Стол после ужина еще не убрали. За ним в одиночестве сидела матушка Мэй. Эдвард увидел перед ней винную бутылку и наполовину пустой стакан. Он сел напротив, подвинул масляную лампу так, чтобы свет падал на лицо женщины. Сегодня оно было спокойное и молодое, как в первый раз, когда он увидел ее. Кожа в свете лампы казалась абсолютно гладкой и излучала золотистое сияние. Волосы, отливавшие рыжиной и золотом, были собраны сзади в большой пучок и подчеркивали пристальный мягкий взгляд ее больших светящихся глаз, сонно смотревших на Эдварда.

За стенами дома в пугающей темноте теперь раздавались другие звуки – протяжные жалобные крики и визг.

– Скажите, бога ради, что там такое?

– Совы, конечно.

– Я никогда не слышал подобных звуков.

– Они спариваются. Есть много разновидностей сов, и все они кричат по‑разному. Я хотела предупредить тебя, что не стоит выходить по вечерам: если окажешься рядом с совиным гнездом, сова может выклевать тебе глаза.

– Но почему они вдруг раскричались?

– Беттина их зовет. Она умеет подражать крикам птиц. Она может производить высокие звуки, недоступные человеческому уху. Это ее природный дар. У Джесса был такой же.

Эдвард сидел некоторое время, прислушиваясь к какофонии воплей.

– А где Илона?

– Пошла спать.

Эдвард хотел найти ее и утешить, но теперь было поздно. Он жалел, что не сделал этого за столом. Он нашел пустой стакан и налил себе вина. Вино было превосходное – ароматное, со сложным сладким вкусом.

– Что это?

– Вино из одуванчиков.

– Я и не знал, что из одуванчиков можно делать вино.

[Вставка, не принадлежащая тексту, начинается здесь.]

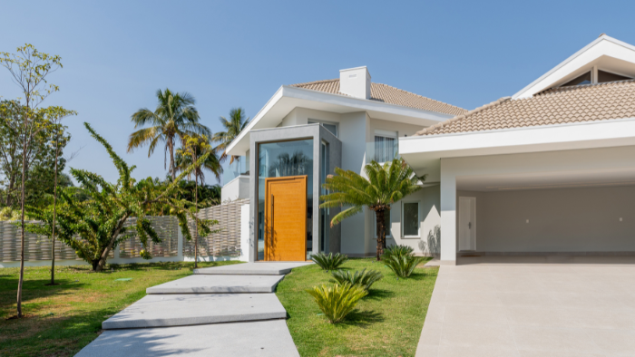 O paisagismo assinado pela Salvatore complementa o projeto, integrando os espaços externos de forma harmoniosa e elegante.

– Вино можно делать из чего угодно.

– Я такого прежде не пробовал. Вкусное.

– Что у тебя с пальцем?

– Нож сорвался, когда траву резал. Смотрите.

Эдвард начал разматывать темный, пропитанный кровью бинт. Он прекрасно понимал, что делает агрессивный жест – дерзкий поступок, демонстрация, имеющая целью вызвать жалость, страх, отвращение. Бинт прилип к ранке. Резкая боль стрельнула в руку и плечо. Эдвард сорвал бинт, чувствуя, как рвется плоть, словно ему срезают полпальца. Он вскрикнул, потом уставился на большую кровоточащую рану, откуда тут же полилась кровь – резвые ярко‑красные капли сочились из глубокого пореза, текли по руке, падали на стол.

– Держи. – Матушка Мэй протянула ему салфетку. – Постой. Я что‑нибудь принесу.

Она вернулась с тазом, над которым поднимался пар, тряпицами, полотенцем и маленькой коробочкой. Эдвард держал руку над тазом, а матушка Мэй, сжав его запястье, промыла порез, остановила кровотечение, потом покрыла рану компрессом из листьев, прижала пальцем, положила сверху кусочек материи и легко обвязала нитью.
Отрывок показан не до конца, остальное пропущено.